Penalize the quantity of information within the summary from the information saved. Include a tunable parameter to modulate the contribution of the penalty. $R_{SQUISH} - \alpha \cdot I(Summary)$
Set the summary length budget to an absolute value, instead of a relative value. For example, 500 characters instead of 10% of the original document.

Summary information penalty

When penalizing the information in the summary, the adjusted reward would always be negative (except for trivially small values of $\alpha$ ). I believe this is due to the fact that any information that would help predict the document will also appear in the summary.

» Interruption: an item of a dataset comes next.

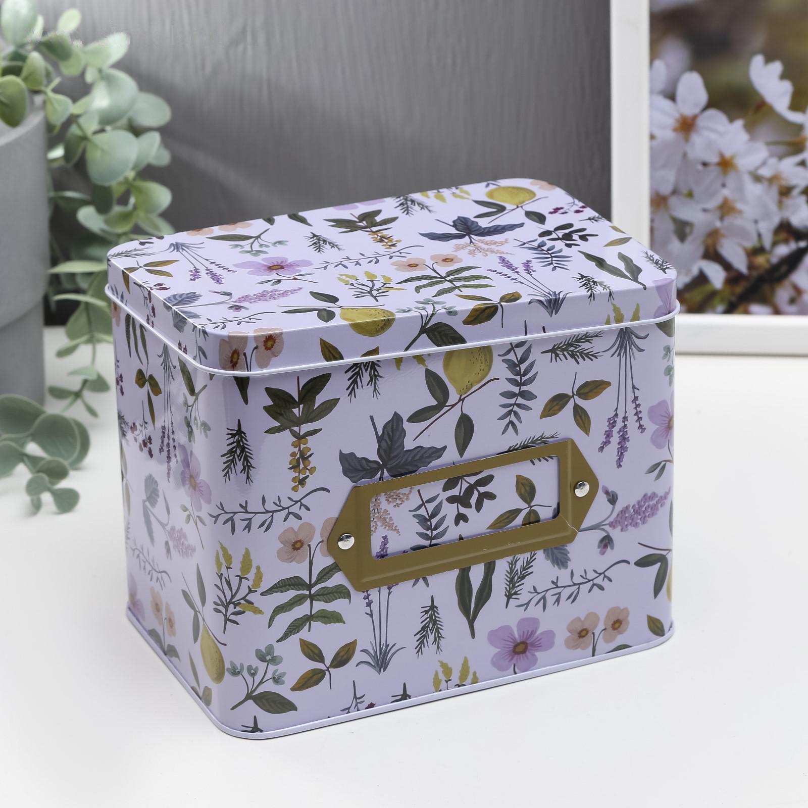 Шкатулка металл прямоугольная "Цветы и разнотравье" 12,7х10,8х15,8 см

Ultimately, this led me to realize that this penalty was not measuring something useful.

Absolute summary length penalty

Setting the summary length budget as an absolute value worked much better, but still had its own issues. The intention behind an absolute length budget is that it falls more in line with human preferences generally. If I only have a minute to read something, I want the summary to be within the range of 1000 characters. I don't really care if those 1000 characters are 1%, 5%, or 20% of the original document.

Training with the absolute summary length penalty does actually work quite well, but the benchmark itself becomes biased. Since the final benchmark scores are normalized by the amount of information in the total document, the exact distribution of document sizes within the test set biases the scores. Shorter documents will receive higher scores and longer documents will receive lower scores.

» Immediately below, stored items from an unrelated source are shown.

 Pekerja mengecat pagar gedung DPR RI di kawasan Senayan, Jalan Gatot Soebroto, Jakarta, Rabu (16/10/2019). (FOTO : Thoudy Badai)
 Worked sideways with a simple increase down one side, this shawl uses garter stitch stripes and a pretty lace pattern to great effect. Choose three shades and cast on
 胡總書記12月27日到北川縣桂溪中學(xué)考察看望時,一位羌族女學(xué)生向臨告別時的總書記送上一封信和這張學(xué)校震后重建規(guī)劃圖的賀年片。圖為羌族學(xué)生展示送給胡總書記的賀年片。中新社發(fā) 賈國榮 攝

Using token budgets instead of character budgets

I never actually ablated this approach, but I wanted to bring up why I didn't implement it for the benchmark (and why you SHOULD implement it for your own model). Token budgets instead of character budgets are actually a much more relevant metric in cases where you want to provide your summary back to the LLM itself (like in context compaction for coding agents). Additionally, setting the budget on a token instead of character level is less biased for the information measurement, as information itself is measured on the token level.

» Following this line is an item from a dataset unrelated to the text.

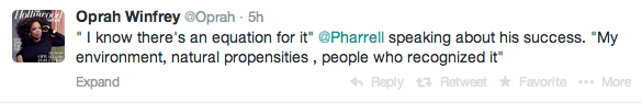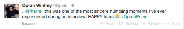 Check out a few tweets from Oprah and Pharrell, along with the full episode.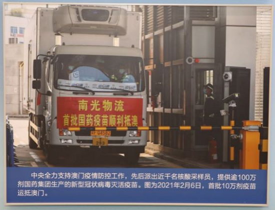 中央综合展区第十单元“坚持‘一国两制’ 推进祖国统一”澳门篇章,大幅图片展现了首批10万剂米兰体育平台app官网新冠疫苗运抵澳门的情况,体现了米兰体育平台app官网对巩固内地和澳门疫情防控成果、加快恢复澳门经济社会正常秩序的重要贡献。

However, every model is using a different tokenizer, and it's difficult to create a fair constraint that works across different tokenizers when each model will see the same summary and document as different numbers of tokens. If you aren't actively comparing different model families against each other, and don't have character level constraints (like UI space), training with token budgets instead of character budgets is probably better.

Future work

More work to prevent decreasing entropy

Although I was able to keep entropy much higher than initial training runs, entropy still decreases over the course of training. My best intuitive guess as to why this happens is that the model is trained to generate high quality summaries in 1 shot, instead of reasoning before-hand. Quite a lot of RL research is done on reasoning instead of instruct models, and I believe the reasoning trace may be acting as an entropy pool of sorts. Since the reasoning trace itself is not evaluated for rewards, there can be a lot more diversity in reasoning traces that result in similar final outputs. However this entropy pool doesn't exist in instruct style generations, which narrows the diversity of "correct" answers.

Generate summaries with reasoning

In light of the point above, reasoning may afford greater diversity in output generations. Additionally, they may result in generally higher scoring summaries due to the combination not only increased entropy, but also increased planning. As we can see from the benchmarks, the reasoning versions of most models outperform their instruct counterparts. This wasn't attempted in the original implementation due to complexity with format following and memory costs.

Model Ensemble

Currently only Qwen3-1.7B-base is being used as a reference model. However, it would be preferable to include a few different model families (LLaMA, GLM, etc...) to balance the biases inherent to a base model's pretraining data mixes.

More diverse training and test datasets

The current dataset is english and news-like only. Although I believe that is unlikely to have a severe impact on the general trends found in the benchmark, it would obviously add resilience to include a corpus of non-english languages and other topics (such as fiction, academic writing, essay's, etc...).